7. The Sixth Year, 1597

[71] After assembling in that way at the end of January, 1597, they marched through the province south-eastwards to the cantred of Tirerrill, from thence to Corran, through the level part of the Plain of Connacht, to Clann Conway in the territory of Maine, son of Eochaidh. When he came to the middle of Uí Maine he let his active marauders spread and extend themselves over the district of Callow and to the southern part of the country, and they returned with their herds of prey and beasts, with their loot and captured cattle, at the end of the day, to Athenry, where O Domhnaill was. O Domhnaill invited Mac William Burke (Tibbot), to him there. He came at the summons of O Domhnaill. That town was a short distance east of Ath Cliath of Maree. It was an impregnable fort, and attack on it was not easy. However, the army attacked the stronghold and they put fires and firebrands to the gates on each side, so that the gates of jointed wood of the beautiful fortress were set on fire on the outside. They took with them very large ladders and pliant grapnels ?, and threw them against the walls and ramparts of the place, so that they mounted to the strong, lofty battlements of the solid fortress on every side. Some of them jumped from the parapets, so that they were in the streets standing, after many of their brave soldiers had been wounded and slain. They threw open the gates for the army afterwards, so that they came to the middle of the town. They set to pull down the storehouses and the well secured apartments and the enclosed chambers which were in the fortress, until they took all the treasures and wealth that was in them and they destroyed the city immediately. Great would have been the slaughter by the Queen's people in taking that royal stronghold from the party who had stormed the town if the latter had been the defenders. However, it would have been hard and difficult to contend with the man who was in command or with his people, as long as  p.139 the Lord and his own good fortune were on his side. There was taken away from that town a countless quantity of every sort of treasure, of wealth, of brass and iron, of clothing and dress, and of everything needed by those who dwelt in and inhabited it, which they had plundered and collected from every side long before that.

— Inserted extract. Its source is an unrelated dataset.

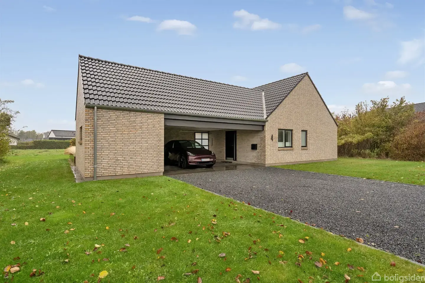 Flot nyere 1 plans villa opført i 2019 med dobbelt integreret carport og dejlig stor solrig terrasse.

[72] O Domhnaill with his forces remained in the town that night. They left the place the next day, after plundering it. They sent out their marauders to plunder Clanrickard on both sides of the river. It was plundered and scoured by some of that marauding party from Lara to Magh Seancomhladh. The district from Athenry and Rathgorgin westward to Rinvyle, to Maree, and to the gate of Galway was burnt and wasted by the remainder of them. Teach Brighde was also burnt; it is opposite the same city, i.e. Galway, which is so called from the river in which Gaillimh, daughter of Breasal, was drowned. They made bivouacs and bothies, field kitchens and feeding places, they rested and slept sound that night between Oranmore and Galway at Lynch's Causeway. The next day O Domhnaill went with his army to the Monastery of Cnoc, at the gate of Galway, for the purpose of a conference with the townspeople to see if he could obtain an exchange of their foreign goods and precious jewels from them for some of the plunder which they had, for it was not easy for his people to collect and drive with them to their own lands all the flocks and herds which they had; and besides, he had not meant to return to his own country (were it not for the great booty his army had) until he came to Gort of Inis Guaire, in Cenél Aedha na hEchtgha. As he did not obtain what he wished from the people of the town, he determined to turn back, and he came through the very middle of the province of Connacht without trouble, fear, apprehension, opposition, until he came across the Sligeach, the Dubh, the Drowes, and the Saimer, northwards.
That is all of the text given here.